The de Vris couple brought along with them many second-hand bicycles from New Zealand. These were repaired and handed out to the village kids for their use, but not until Howard’s engineering mind noticed the tramline in front of their village and decided a technique to use it. “He put the two forms of transport together and came up with this idea,” added Mandy. Initially, an outrigger was attached to one bicycle, where the wheels acted like a chain. “I said to him: wouldn’t it be great if we could ride side by side and talk to each other?” That was Mandy’s idea which gave birth to what they call the ‘velocipede’. Howard added a chassis, electrical equipments to run it, and a rare bench for elderly, disabled people or even, infant seats.

Once the first prototype was ready, they worked with Fiji Sugar Corporation, local fundraisers and churches to get necessary permissions and assess the tracks. Even though Fiji Sugar Corporation thought they “were crazy”, they secured a 10-year lease for a 28-km track running from Sigatoka town to Nadatola. It was only in January 2018 that they began operations.

I scrutinise the carriage in detail. These units have two bicycles mounted on a solid wooden plank. The front wheels of the bikes are taken out and replaced by small iron wheels that keep the entire carriage on the tram track. They run on batteries which are dually powered. One by the modified bikes’ pedals — the faster you pedal, the faster the carriage moves. The other is an easier option of a button accelerator adjacent to the handles. There are two brakes instead of four — one for each rider. At the rear, a lower wooden seat with armrests can accommodate a pillion (across age and physical abilities).

Driving through the 'tunnel of love' in Fiji
Driving through the 'tunnel of love' in Fiji

Quite a feat

As I marvel at this piece of engineering, I cannot wait to pedal and explore a part of the existing 11-km stretch. The track which begins in the sugarcane factory runs through mangrove river banks, quiet villages, romantic ‘tunnel of love’ (a natural forest passage), rock cuttings, Fijian rainforests and scenic coasts of South Pacific Ocean. My Ecotrax experience will be one-third of the complete tour and not conclude on the beach.

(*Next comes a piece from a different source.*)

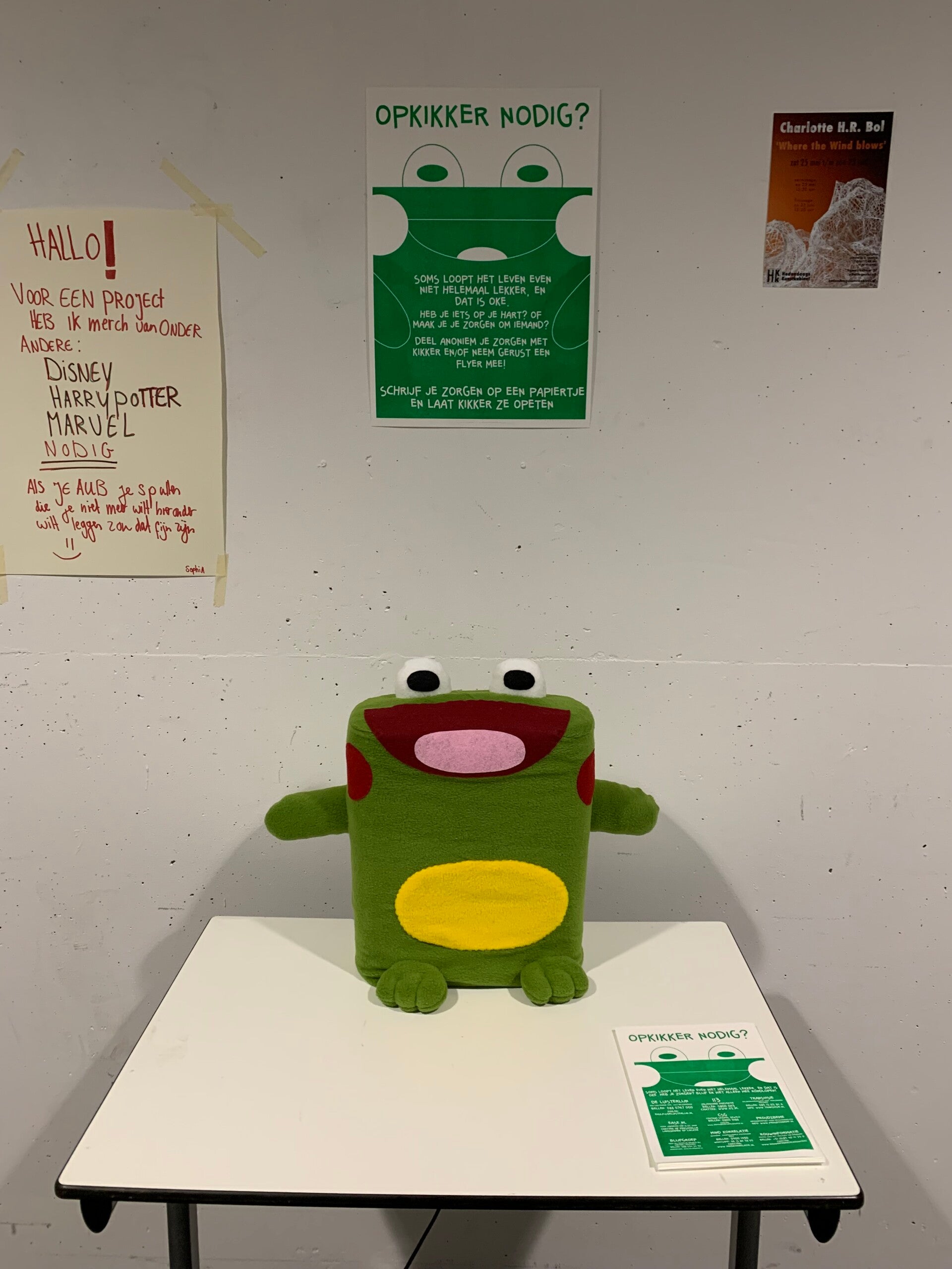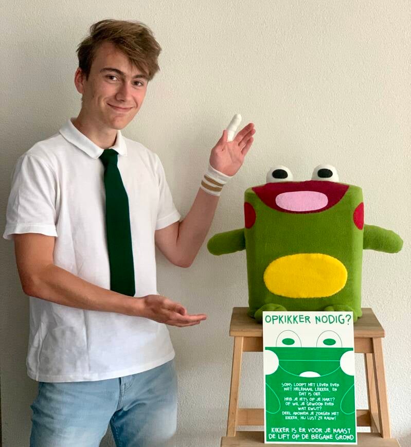 Project: Opkikkertje is een project om studenten die last hebben van mentale problemen of zorgen hebben op een luchtige manier te helpen. In de kikker zit een papierversnipperaar waarin studenten hun opgeschreven zorgen kunnen laten opeten door de kikker. Op die manier kunnen ze hun zorgen van zich af schrijven en anoniem delen met de kikker zonder dat andere mensen ze zullen veroordelen.
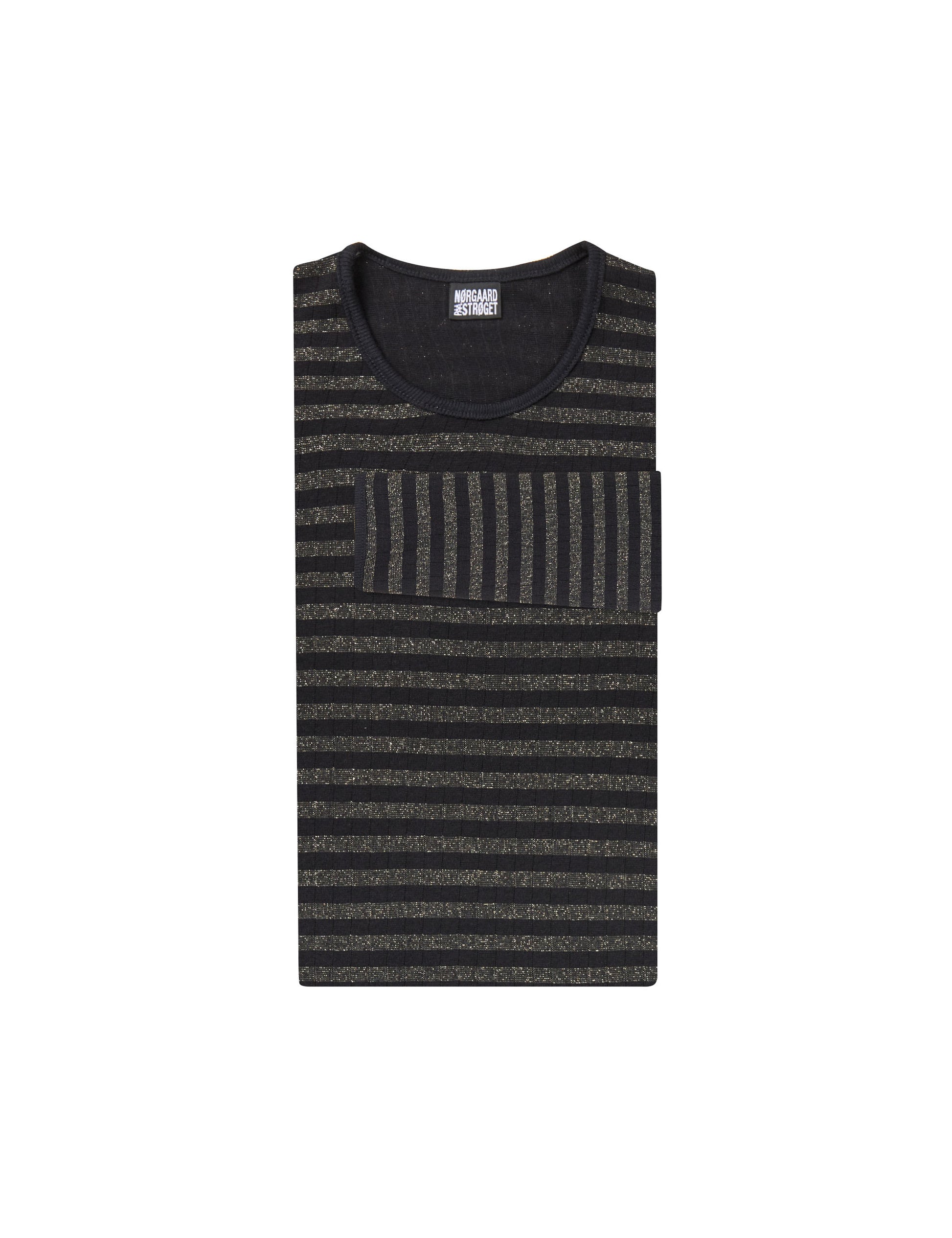 101 Teen Glam is our #101 T-shirt in glitter. Nørgaard paa Strøgets #101 T-shirt was designed in 1967 by Jørgen Nørgaard. The t-shirt is knitted, dyed and sewn in Denmark and made in 50% Cotton and 50% Lurex. The #101 T-shirt for Teens is made in one size. The #101 T-shirt for kids was made in connection with the opening of Englebørn in 1973.

My friend and I mount a bike each and familiarise ourselves with its features. Mandy points out the brakes on either sides, the buttoned accelerator and speedometer — “Try and keep it under 20,” she advises. Nitesh connects the detachable solar-powered battery in the front trolley and hops onto the pillion seat behind.

In the initial few metres, we align our communication and ourselves to this mini-coach on narrow tracks. From the concreteness of the factory, the tracks were soon flanked by forests. In a matter of minutes, I notice we are pedalling on a wooden bridge that runs parallel to and above water. My field of vision widens as the track becomes perpendicular to the river with mangroves beautifully rooted in it.

We speed up once we are back on earthy tracks, shaded by stout trees. After a two-km ride, Nitesh physically turns the carriage on the track while I photograph the sparsely populated village around us. The route appears to be lusher on our way back. A little before our arrival to the factory, we press the brakes on either sides to slow down and stop. I animatedly share my feedback with Mandy, who adds in, “Howie and I used to wonder if people think it’s as cool as we do.”

But coolness is not all that there is to an initiative like Ecotrax. “Our philosophy is in making something that is sustainable.” The de Vris couple enable local communities along the Ecotrax trail by creating micro-businesses. “We believe that this is their backyard and we are the visitors here. If we prosper, everyone along should prosper” — with that Mandy summarises the central idea of Ecotrax.

They work closely with the villagers of Malomalo in various sustainable projects. One such includes 25 women who grow fruits and sell it to the de Vris couple at market price, as refreshments for Ecotrax tours. The couple is also aiding in the upgradation of Malomalo’s kindergarten, and sponsoring jerseys and equipment to children who aspire to play rugby.

As we leave Ecotrax Station, we have all our answers pertaining to this sustainable venture. Ecotrax affirms my belief that nothing meaningful is ever achieved alone.